| Given data |
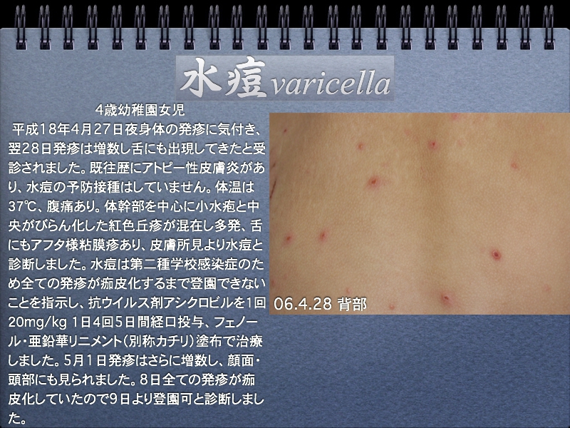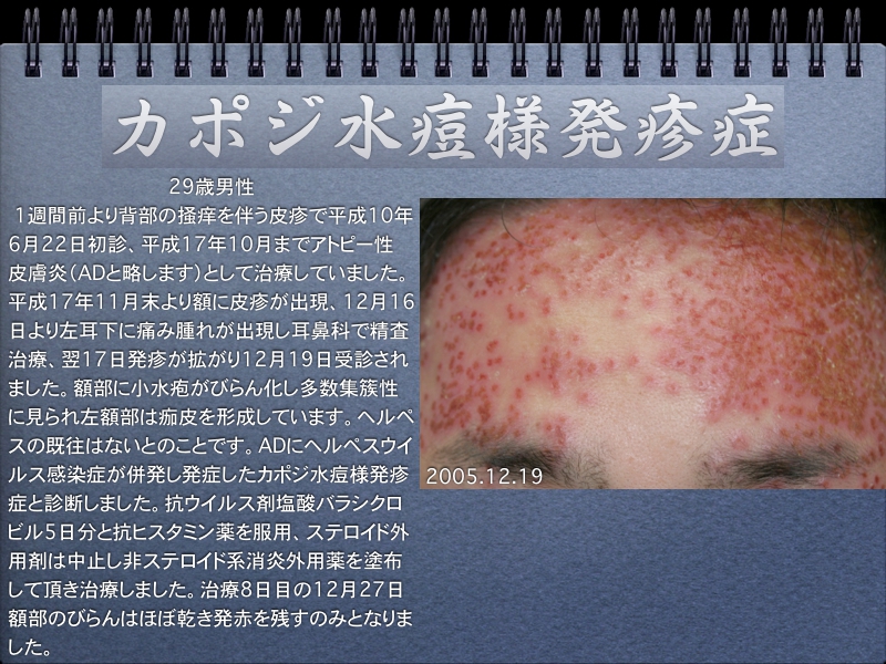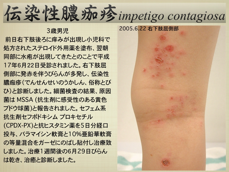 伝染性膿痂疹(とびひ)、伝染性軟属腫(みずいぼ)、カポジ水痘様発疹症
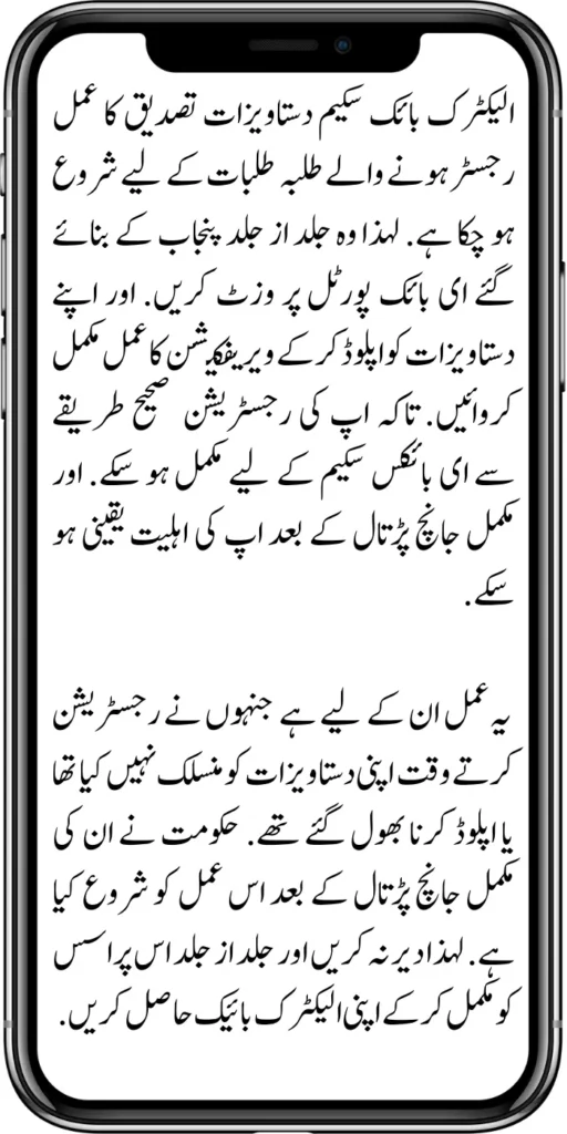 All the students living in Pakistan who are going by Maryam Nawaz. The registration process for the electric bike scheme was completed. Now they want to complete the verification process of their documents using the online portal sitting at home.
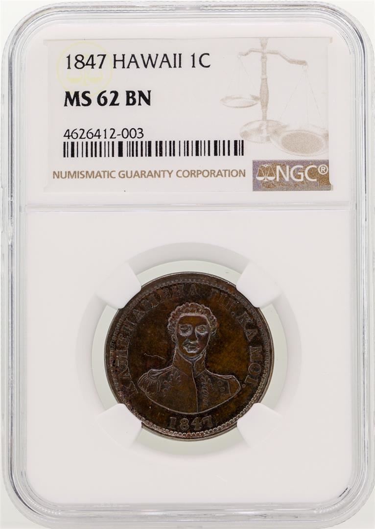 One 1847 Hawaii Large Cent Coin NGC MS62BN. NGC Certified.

| Try it |
In your copy, include no pictures; print every line above exactly.

| Reply |
 伝染性膿痂疹(とびひ)、伝染性軟属腫(みずいぼ)、カポジ水痘様発疹症
 All the students living in Pakistan who are going by Maryam Nawaz. The registration process for the electric bike scheme was completed. Now they want to complete the verification process of their documents using the online portal sitting at home.
 One 1847 Hawaii Large Cent Coin NGC MS62BN. NGC Certified.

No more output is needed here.